Professor hatte das Gefühl, in „schwarze Box“ zu sprechen

An der Hochschule für Angewandte Wissenschaften (HAW) Hamburg haben am 18. Mai wieder die ersten Präsenzveranstaltungen in Laboren begonnen. So beugten sich im Labor für Produktionsmittel des Bereichs Umformtechnik beispielsweise die Studenten – weit auseinandersitzend – bereits wieder über ihre Tische, während vorn ihr Dozent Benjamin Remmers an der Tafel den Stoff erklärte. Was sonst an der HAW Hamburg Alltag ist, wird in Corona-Zeiten zur Besonderheit – ein erster Schritt in die Normalität. Mehr oder weniger 100 Prozent der Lehre konnte am Department Maschinenbau und Produktion digital abgewickelt werden.

„Aber es ist nicht das Gleiche, ob man mit den Studierenden in Präsenz an der Hochschule interagiert oder per Zoom oder MS Teams Vorlesungen hält“, sagt Professor Enno Stöver, stellvertretender Departmentleiter. Oftmals hatte er das Gefühl, in eine „schwarze Box“ hineinzusprechen, denn die Studierenden schalten das Mikrofon und die Kamera aus. Aus guten Gründen, denn sonst läuft die Verbindung im Chat bei den vielen Teilnehmern manchmal schlecht. „Am Anfang war das schon ziemlich anstrengend, ich war nach den Vorlesungen durchaus erledigt“, so der Professor.

Persönliche Begegnung bleibt an der HAW Hamburg unersetzlich

Die HAW hat einen hohen Praxisanteil, der lässt sich nicht rein virtuell vermitteln. Dennoch, so Stöver, habe man auch gute Erfahrungen gemacht. „Interessant wird es, dieses für die Zukunft weiterzuentwickeln“ – zum Beispiel, ob Veranstaltungen mit mehreren Studiengruppen gemeinsam betrachtet werden können und ein Mix aus digitaler und analoger Lehre angeboten werden kann.
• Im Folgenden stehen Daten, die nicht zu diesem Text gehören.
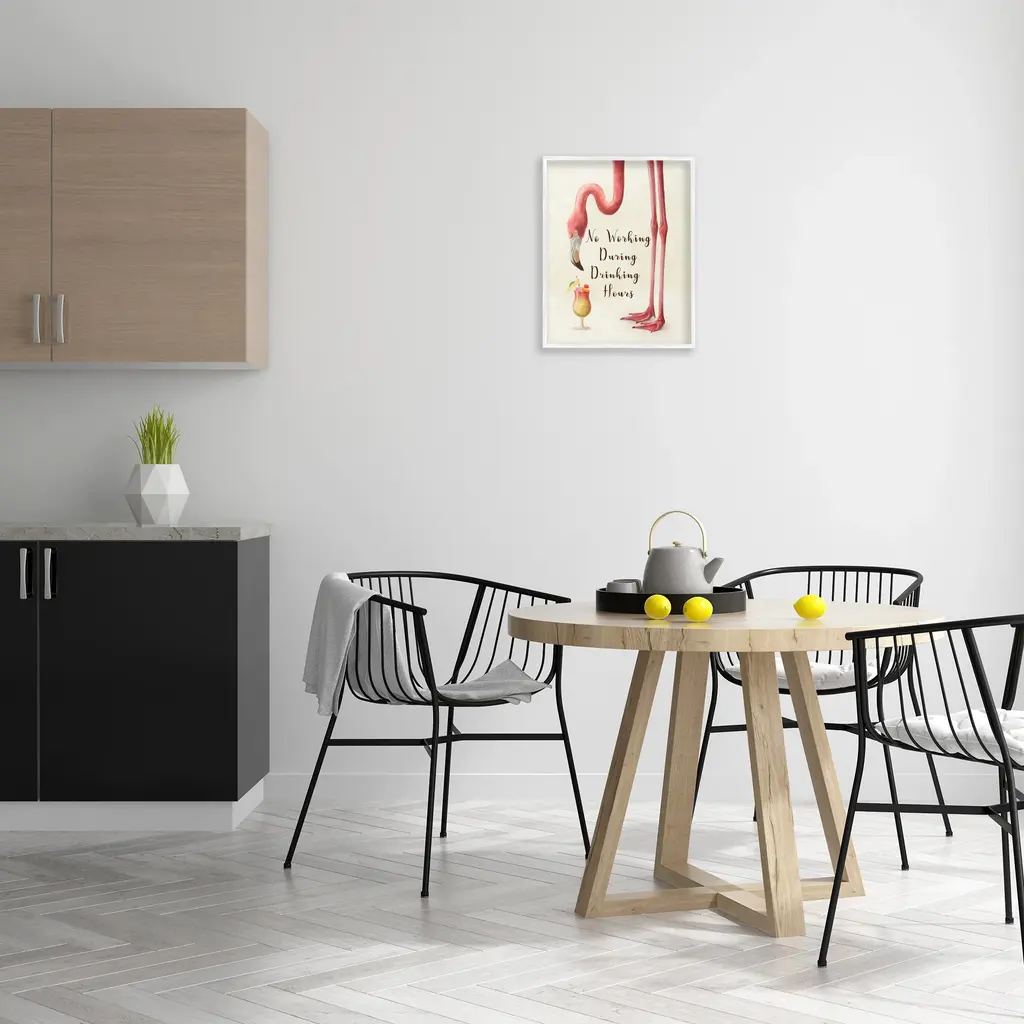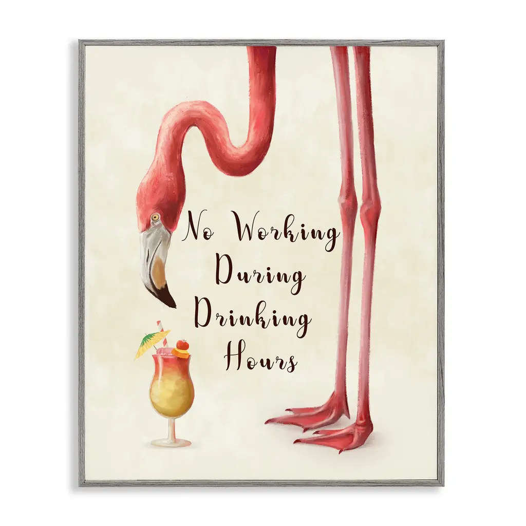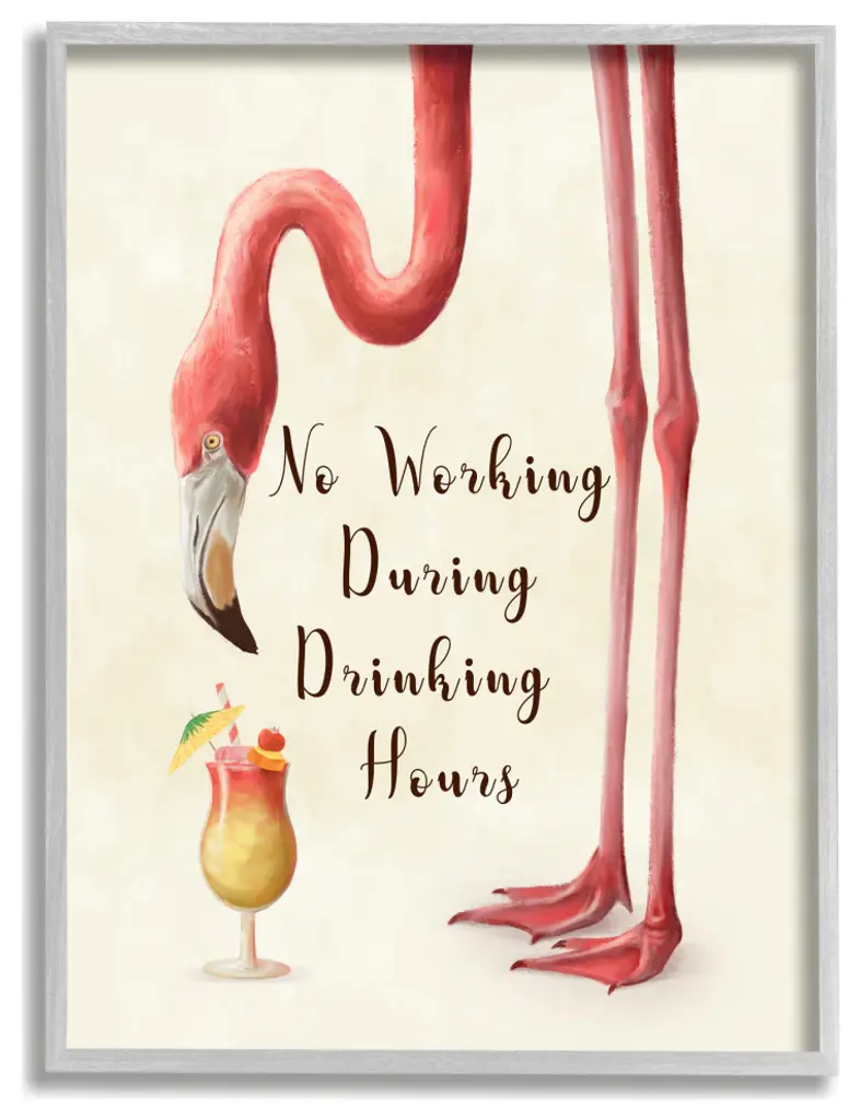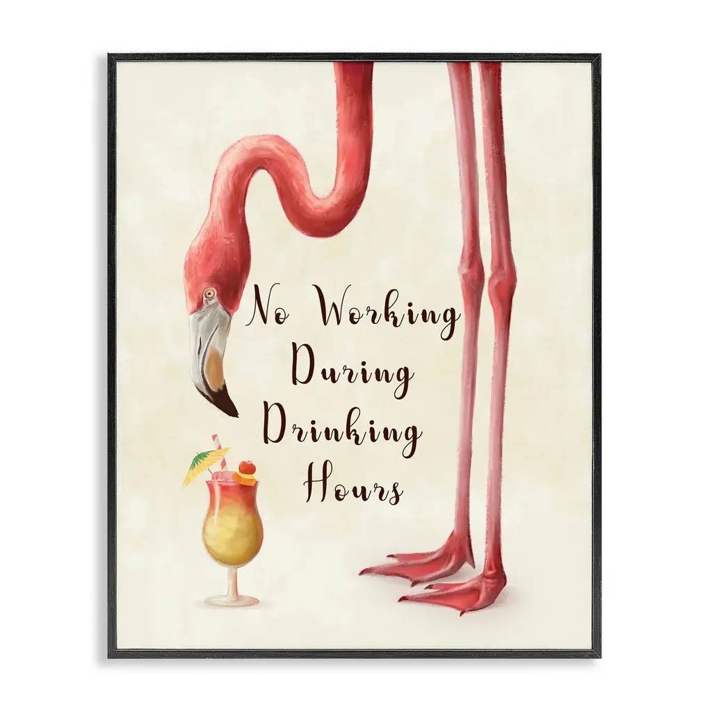 Stupell No Working During Drinking Hours Phrase Tropical Flamingo Framed Giclee Texturized Art By Ziwei Li - 16 X 20 - White

„Mit dem abrupten Wechsel vom Präsenz- zum Online-Lehrbetrieb haben wir als Hochschule für Angewandte Wissenschaften Hamburg wertvolle Erfahrungen und Erkenntnisse zur Digitalisierung von Studium und Lehre gesammelt“, sagt HAW-Präsident Micha Teuscher. „Für ein hybrides Lernen, das den Präsenz-Lehrbetrieb und das Lernen in räumlicher Distanz künftig stärker miteinander verbindet, sind diese Erfahrungen hilfreich.“ Die persönliche Begegnung mit unseren Studierenden im Lehr- und Lernkontext bleibe an der HAW Hamburg unersetzlich – gerade bei der großen Diversität der Studierenden sei es wichtig, jeden Einzelnen anzusprechen und beim Lernen zu unterstützen.